**What you are asked to do**
Output, word for word, the line that contains "ㆍ홈페이지 : http://uwc.center/ |" and all lines following it to the end of the listing. Drop the pictures.

**Given data**
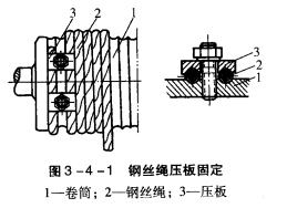 (1)卷筒上鋼絲繩尾端的固定裝置,應(yīng)有防松和自緊的性能。對鋼絲繩尾端的固
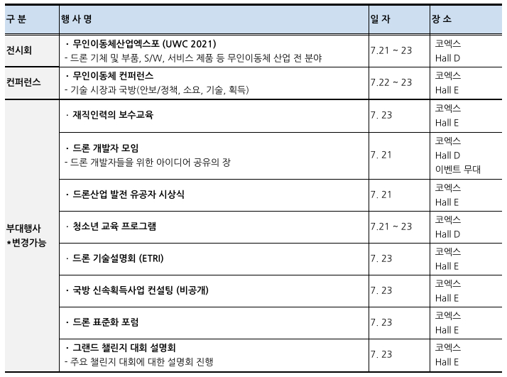 | <2021 무인이동체산업엑스포> ㆍ개최 일정 : 2021.9.26(일) ~ 09.28(화) / 서울 코엑스 전시장 3층 D홀 ㆍ주최 : 산업통상자원부, 과학기술정보통신부, 국방부, 방위사업청, 국토부 ㆍ주관 : 한국산업기술평가관리원, 한국연구재단, 한국항공우주연구원, 국방과학연구소, 항공안전기술원, 국토교통과학기술진흥원,한국무인이동체연구조합, 코엑스, 한국드론산업진흥협회 ㆍ홈페이지 : http://uwc.center/ |
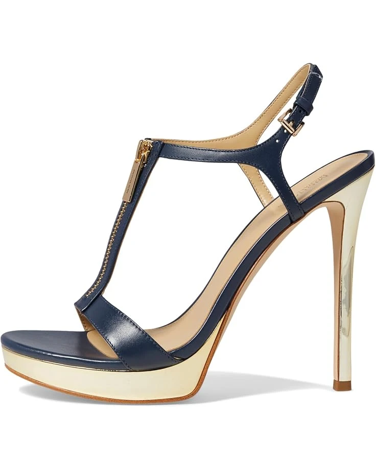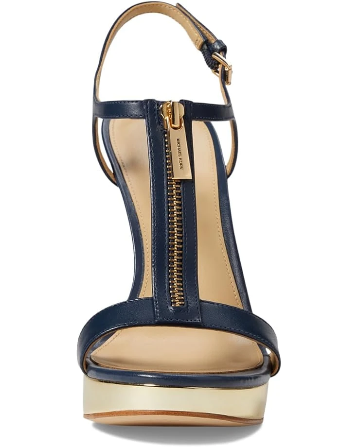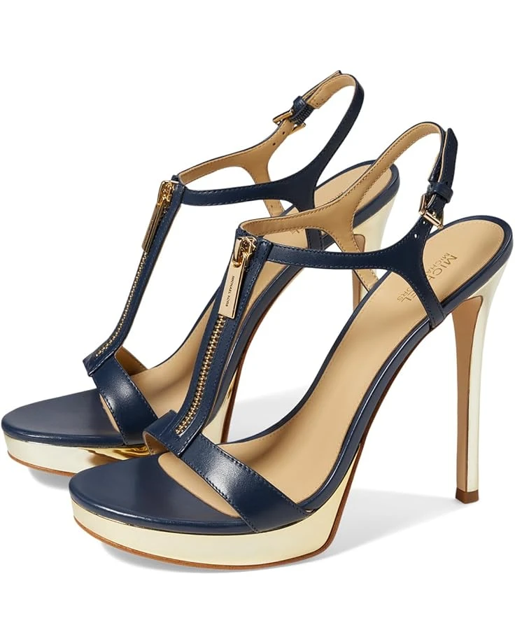 - Showcase your love for timeless fashion trends wearing MICHAEL Michael Kors® Berkley Stiletto Platform Heeled Sandals. This open round toe pair features leather upper construction with zippered front closure and buckled ankle strap closure.

**Written solution**
 | <2021 무인이동체산업엑스포> ㆍ개최 일정 : 2021.9.26(일) ~ 09.28(화) / 서울 코엑스 전시장 3층 D홀 ㆍ주최 : 산업통상자원부, 과학기술정보통신부, 국방부, 방위사업청, 국토부 ㆍ주관 : 한국산업기술평가관리원, 한국연구재단, 한국항공우주연구원, 국방과학연구소, 항공안전기술원, 국토교통과학기술진흥원,한국무인이동체연구조합, 코엑스, 한국드론산업진흥협회 ㆍ홈페이지 : http://uwc.center/ |
 - Showcase your love for timeless fashion trends wearing MICHAEL Michael Kors® Berkley Stiletto Platform Heeled Sandals. This open round toe pair features leather upper construction with zippered front closure and buckled ankle strap closure.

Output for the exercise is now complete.